▶ Exercise description: Take the lines from the one with "Ce médaillon est" through the last line of the material below and write them out exactly, without any pictures.

▶ Information supplied:
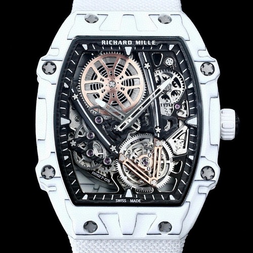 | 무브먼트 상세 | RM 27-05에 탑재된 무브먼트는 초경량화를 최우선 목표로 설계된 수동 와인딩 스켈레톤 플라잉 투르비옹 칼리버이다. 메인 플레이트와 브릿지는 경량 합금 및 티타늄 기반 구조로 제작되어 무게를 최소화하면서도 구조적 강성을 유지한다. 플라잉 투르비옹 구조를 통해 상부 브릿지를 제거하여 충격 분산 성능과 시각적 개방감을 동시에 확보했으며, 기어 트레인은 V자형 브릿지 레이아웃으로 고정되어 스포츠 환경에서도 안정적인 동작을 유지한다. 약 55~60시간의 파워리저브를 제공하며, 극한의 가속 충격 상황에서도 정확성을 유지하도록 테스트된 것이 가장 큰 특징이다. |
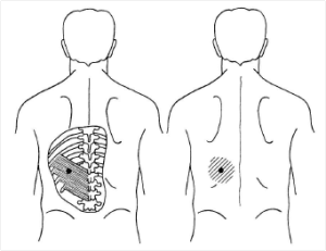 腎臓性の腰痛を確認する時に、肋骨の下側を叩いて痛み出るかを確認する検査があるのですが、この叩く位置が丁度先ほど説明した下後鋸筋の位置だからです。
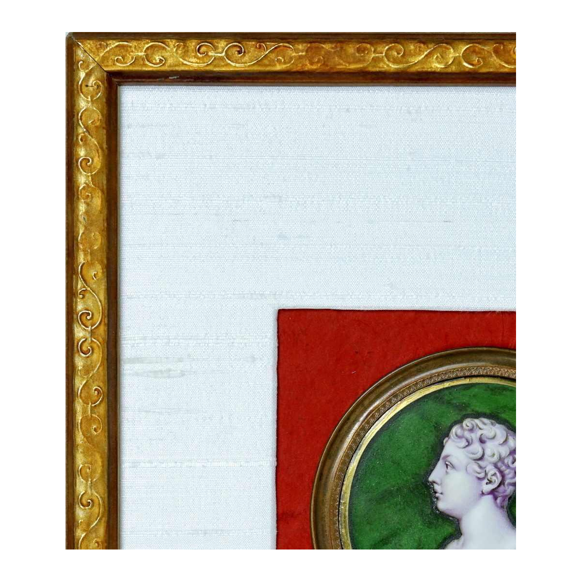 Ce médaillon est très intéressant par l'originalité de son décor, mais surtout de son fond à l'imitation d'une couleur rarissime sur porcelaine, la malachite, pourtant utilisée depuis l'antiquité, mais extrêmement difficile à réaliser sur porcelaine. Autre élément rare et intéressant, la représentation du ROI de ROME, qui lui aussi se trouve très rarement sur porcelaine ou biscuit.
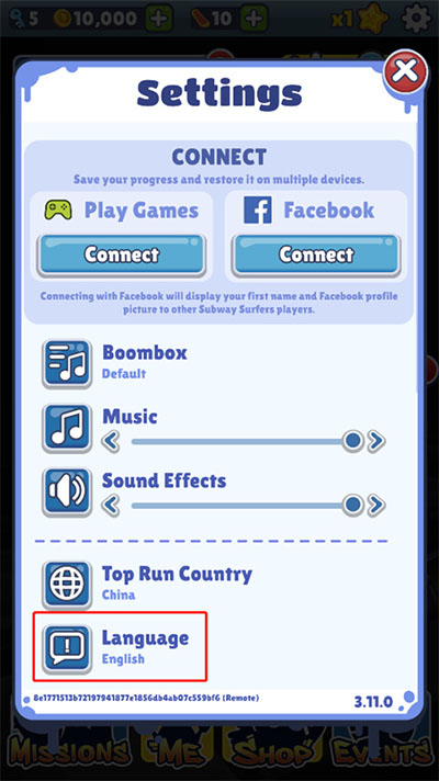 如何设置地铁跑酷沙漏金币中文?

▶ Output below:
 Ce médaillon est très intéressant par l'originalité de son décor, mais surtout de son fond à l'imitation d'une couleur rarissime sur porcelaine, la malachite, pourtant utilisée depuis l'antiquité, mais extrêmement difficile à réaliser sur porcelaine. Autre élément rare et intéressant, la représentation du ROI de ROME, qui lui aussi se trouve très rarement sur porcelaine ou biscuit.
 如何设置地铁跑酷沙漏金币中文?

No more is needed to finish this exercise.